The district court made clear in its holding that Defendant's felonious assault conviction coupled with his attempt to disarm an officer conviction was sufficient to satisfy the career offender requirements in the guidelines. It was only "for the sake of completeness" that the district court analyzed the resisting and obstructing conviction under Michigan Compiled Laws § 750.479(a). We need not reach the issue of whether this additional predicate crime also constitutes a crime of violence. We choose to avoid the question because, given the findings we have already made, any possible disagreement with the district court's conclusion on this point would be of no consequence.
B. Due Process
Defendant finally argues that "there are Due Process concerns" with his sentence because, if affirmed, it retroactively expands the punishment that he faces without notice prior to his plea. Further, he claims he would have sought a more favorable plea (e.g., the negotiation of a statutory cap) if he had known he faced such a severe sentence. We review this constitutional challenge de novo. See United States v. Lloyd, 10 F.3d 1197, 1220 (6th Cir. 1993).

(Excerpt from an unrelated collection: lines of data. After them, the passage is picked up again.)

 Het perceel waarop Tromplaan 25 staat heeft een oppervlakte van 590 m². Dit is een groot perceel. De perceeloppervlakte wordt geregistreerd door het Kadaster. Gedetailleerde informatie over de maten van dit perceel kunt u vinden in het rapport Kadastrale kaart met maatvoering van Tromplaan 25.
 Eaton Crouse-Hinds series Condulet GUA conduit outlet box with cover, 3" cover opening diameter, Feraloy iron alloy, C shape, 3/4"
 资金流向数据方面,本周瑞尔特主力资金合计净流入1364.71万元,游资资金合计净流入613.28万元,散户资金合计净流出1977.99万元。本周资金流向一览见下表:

In this case, there are no due process implications for Defendant's guilty plea or eventual sentence. At the time he entered his plea, Defendant acknowledged that he understood the statutory maximum sentence and knew that the court would use the Guidelines to make the final sentencing determination. Moreover, the plea agreement states, "The defendant understands that, based on his criminal record, he may qualify as a `Career Offender' under § 4B1.1 of the Guidelines and receive a higher sentence under the Guidelines than if he did not have the same criminal record." It is apparent from the signed plea agreement that Defendant's plea was knowingly and intelligently offered. The notice in the agreement gave Defendant "sufficient awareness of the relevant circumstances and likely consequences" of his plea. Brady v. United States, 397 U.S. 742, 748, 90 S.Ct. 1463, 25 L.Ed.2d 747 (1970); see also United States v. Spires, 946 F.2d 896, No. 90-1864, 1991 WL 211281, *2 (6th Cir. Oct. 21, 1991) ("As long as a defendant knows, before he enters his plea, the maximum sentence he can receive, due process does not require the court to inform the defendant of the specific sentencing guideline range that will be applied.").

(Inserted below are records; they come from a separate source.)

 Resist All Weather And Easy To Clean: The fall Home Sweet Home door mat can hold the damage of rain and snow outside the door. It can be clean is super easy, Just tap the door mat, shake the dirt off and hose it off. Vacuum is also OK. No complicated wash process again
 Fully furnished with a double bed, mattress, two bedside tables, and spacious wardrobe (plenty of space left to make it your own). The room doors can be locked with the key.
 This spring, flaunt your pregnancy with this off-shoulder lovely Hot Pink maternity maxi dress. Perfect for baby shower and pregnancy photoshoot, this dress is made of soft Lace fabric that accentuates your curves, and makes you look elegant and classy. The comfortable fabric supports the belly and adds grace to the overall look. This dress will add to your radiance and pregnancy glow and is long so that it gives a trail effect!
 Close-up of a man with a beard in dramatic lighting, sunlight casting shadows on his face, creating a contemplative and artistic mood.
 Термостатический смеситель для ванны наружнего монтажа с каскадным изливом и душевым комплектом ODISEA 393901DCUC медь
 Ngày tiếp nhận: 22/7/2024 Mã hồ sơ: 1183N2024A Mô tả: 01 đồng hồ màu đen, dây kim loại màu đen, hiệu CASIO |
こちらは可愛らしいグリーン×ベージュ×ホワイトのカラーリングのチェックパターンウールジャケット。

Further, Defendant was not denied due process at sentencing because the district court provided him with reasonable notice that it was considering the enhancement and provided Defendant with an opportunity to be heard on the issue. Oyler v. Boles, 368 U.S. 448, 452, 82 S.Ct. 501, 7 L.Ed.2d 446 (1962). Defendant received the presentence report, recommending that he be sentenced as a career offender, almost six weeks prior to his sentencing hearing and he was able to fully litigate the issue at his hearing. See United States v. Wilhite, 929 F.2d 702, No. 90-5931, 1991 WL 46512, *1 (6th Cir. Apr.4, 1991) ("Concerns for due process do not require that a criminal defendant be placed on advance notice of the application of a career offender sentence under guideline 4B1.1, so long as the defendant has, as he was in the instant case, been afforded an adequate opportunity to challenge the factual basis for applying the enhancement.").
Defendant's prior conviction for attempting to disarm a police officer, Michigan Compiled Laws § 750.479b(2), constitutes a crime of violence under U.S.S.G. § 4B1.2(a)(2). Defendant's constitutional rights were not violated when he was classified as a career offender. The judgment of the district court is AFFIRMED.